Apple chief operating officer Tim Cook on Tuesday touted the firm's role as a "mobile devices company" and said he is eager to get new iPad tablet computers to market.
Apple will sell the iPad online and at retail shops keen on customer assistance such as its own stores and popular US electronics chain Best Buy when the devices begin rolling out worldwide next month, according to Cook.
Cook said he has had an iPad for six months and the "incredible experience" has him and the rest of the California firm eager to begin shipping the tablets.
Apple should "definitely" be deemed a mobile devices company, the executive said during an on-stage chat at an annual Goldman Sachs technology conference in San Francisco.
Cook's statement echoed one made by Apple chief executive Steve Jobs in January when Jobs unveiled the iPad at a media event in downtown San Francisco.
A vast majority of Apple's revenues now come from mobile devices, although the company remains devoted to its Macintosh computer line, the chief operating officer said.
He described Apple TV boxes that route programs from the Internet to high-definition televisions as a "hobby" but added that the company feels in its "gut" that the devices have potential.
The iPad has a 9.7-inch (24.6-centimeter) color screen and resembles an oversized iPhone.
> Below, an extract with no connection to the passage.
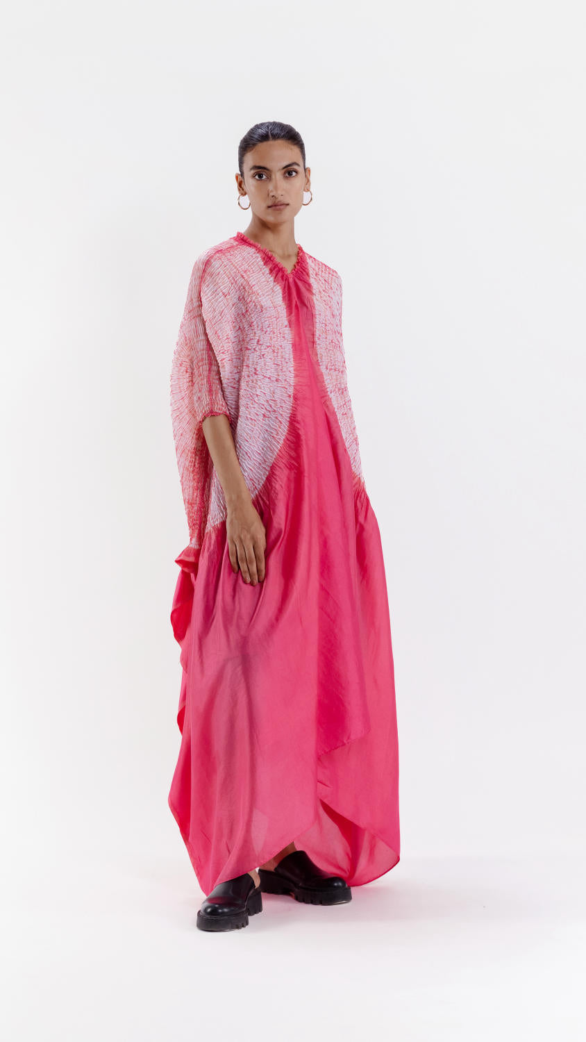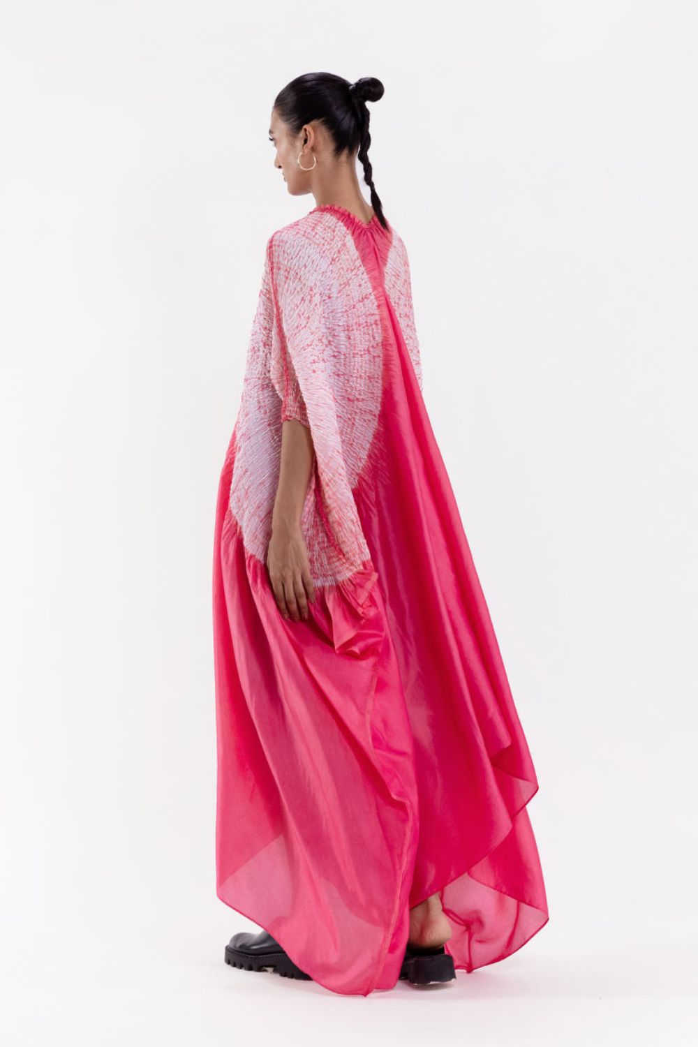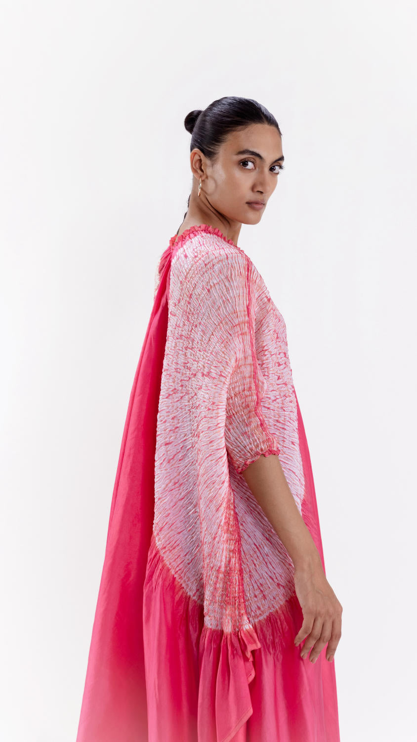 Freesize handwoven silk dress dyed in pink, with our signature shibori sleeve detail.

It is 0.5 inches (1.3 cms) thick, weighs 1.5 pounds (0.7 kgs) and comes with 16, 32, or 64 gigabytes of flash memory.
The cheapest iPad model, with Wi-Fi connectivity and 16GB of memory, is 499 dollars while the most expensive -- which includes 3G connectivity and 64GB of memory -- costs 829 dollars.
Apple was "aggressive" in its pricing of iPad models to avoid leaving "a pricing umbrella" for competitors, according to Cook.
In what appeared to be a swipe at competitors, Cook said that Apple routinely rejects good ideas internally in order to avoid "the hubris" of expanding for the sake of being bigger.